Iterative model reconstruction lowers dose in cardiac CT

Knowledge-based iterative model reconstruction (IMR) can provide improved image quality at super-low-dose cardiac CT with 20 percent of the standard tube current, according to a study published in the January 2014 issue of Academic Radiology.

The use of cardiac CT has raised concerns because of the ionizing radiation it emits, which can lead to stochastic risks. While dose saving techniques have been created for the modality, iterative reconstruction algorithms for CT have also been developed to reduce quantum noise and radiation dose. Iterative model reconstruction is the latest of these techniques. Lead author Seitaro Oda, MD, of Kumamoto University in Kumamoto, Japan, and colleagues wrote of IMR: “It applies a knowledge-based approach that yields improved image quality and virtually noise-free images through the iterative minimization of the penalty-based cost function.”

Oda and colleagues created a study to investigate IMR’s effects on quantitative and qualitative image evaluation by comparing images acquired at low-radiation doses and images obtained at standard radiation doses with convolution-filtered back projection (FBP) reconstruction.

The retrospective study included 23 patients who underwent electrocardiography-gated cardiac CT with dose modulation.
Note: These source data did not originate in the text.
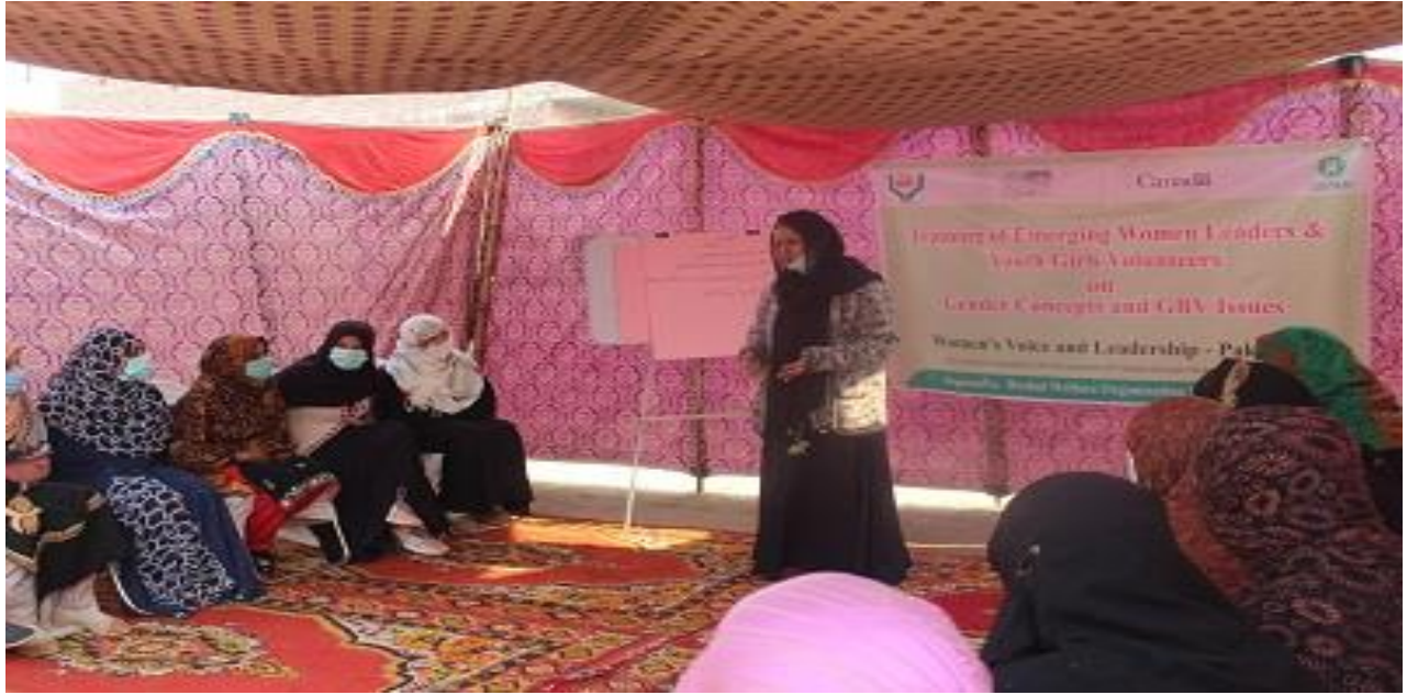
Training of Youth Volunteer on Gender Based Violence and Issues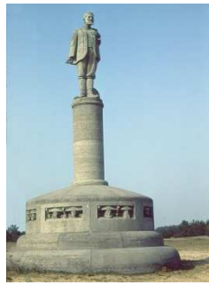
Illustration 3. Monument for Christiaan de Wet, De Hoge Veluwe, Otterloo, the Netherlands.

Apparently, the Dutch needed such images of moral force much more than they needed objective historical reality, or a narrative of the real war. In this sense, the military leaders of the Afrikaners in the Boer War were objects of admiration and commemoration. Holland remembered the moral and spiritual virtues behind the concrete persons, events and battles, such as balance, resolution, courage, force and even attachment to peace. Obviously, the famous Dutch sculptor Joseph Mendez da Costa (1863–1939) designed the monument of De Wet with this in mind, as a set of “Dutch” values carved in stone.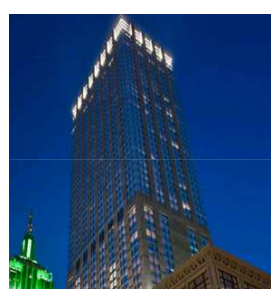
The Langham, New York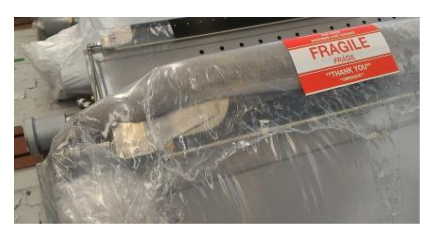
Figure 5: Example for specific marking of sensitive areas

Specifically sensitive areas must be specially marked in order to prevent accidental damage due to contact.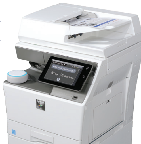
MX-B476WH shown with available Sharp MFP Voice feature with Alexa.

"Alexa, ask Sharp Copier to scan to me."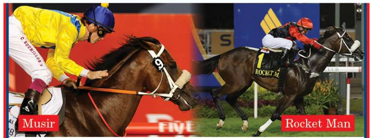
Good luck to the Aus-bred runners and their connections.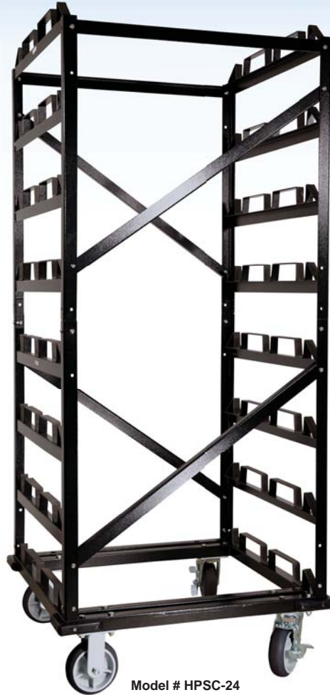
Model # HPSC-24

Assembles quickly and easily: in about a half hour by one or two people, compared to up to an hour and a half for other similar storage carts. All tools and hardware included.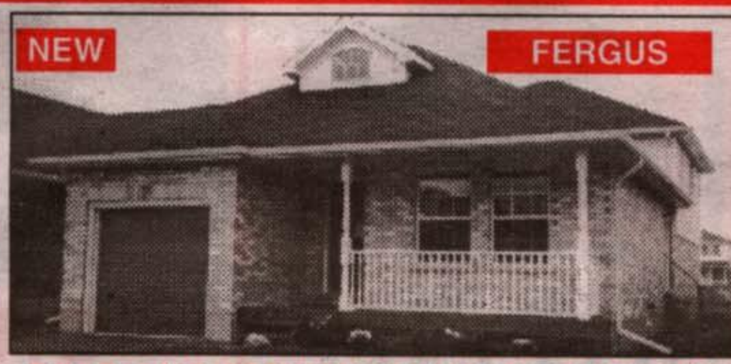
SPACIOUS FAMILY BACKSPLIT- $159,900

Bright, spacious sidesplit on large lot close to conservation. Cathedral ceilings, oak kitchen, main floor family room with walkout to large deck. Finished rec room, gas heating, central air, landscaping. Please call Michelle* to view.

The researchers compared full-dose images reconstructed with FBP and the low-dose images reconstructed with FBP and IMR techniques. Once they were established, objective and subjective image quality parameters were compared among the three varying CT images.

The study’s findings revealed no significant difference in CT attenuation among the three reconstructions. Of the three reconstructions, the mean image noise of the low-dose IMR were significantly the lowest. The contrast-to-noise ratio of the low-dose IMR was better than the other two reconstructions. It also had the highest visual evaluation score.

“The IMR algorithm yields images of significantly improved quantitative quality and acceptable subjective quality at LD cardiac CT at 20 percent of the standard tube current. This may potentially benefit subgroups such as low-risk patients and young patients by radiation exposure saving,” wrote Oda and colleagues.

Further clinical studies must be performed to evaluate the authors’ research techniques and confirm their preliminary findings, they concluded.